▸ **PROBLEM REQUIREMENTS**
Below are the records. Retype exactly the lines between the lines holding "实践证明双柔性式密封与气缸式" and "流沙sober - 哭砂 |", inclusive.
┌─ GIVEN ENTRIES
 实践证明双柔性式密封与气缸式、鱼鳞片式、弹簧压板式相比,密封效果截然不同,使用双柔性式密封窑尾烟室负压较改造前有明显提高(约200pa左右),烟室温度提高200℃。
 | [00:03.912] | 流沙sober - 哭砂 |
└─
┌─ GIVEN ENTRIES
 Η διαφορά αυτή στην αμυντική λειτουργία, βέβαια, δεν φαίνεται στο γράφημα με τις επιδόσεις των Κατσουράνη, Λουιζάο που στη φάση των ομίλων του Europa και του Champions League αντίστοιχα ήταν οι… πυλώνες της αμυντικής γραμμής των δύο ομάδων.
└─
▸ **SOLVED EXERCISE**
 实践证明双柔性式密封与气缸式、鱼鳞片式、弹簧压板式相比,密封效果截然不同,使用双柔性式密封窑尾烟室负压较改造前有明显提高(约200pa左右),烟室温度提高200℃。
 | [00:03.912] | 流沙sober - 哭砂 |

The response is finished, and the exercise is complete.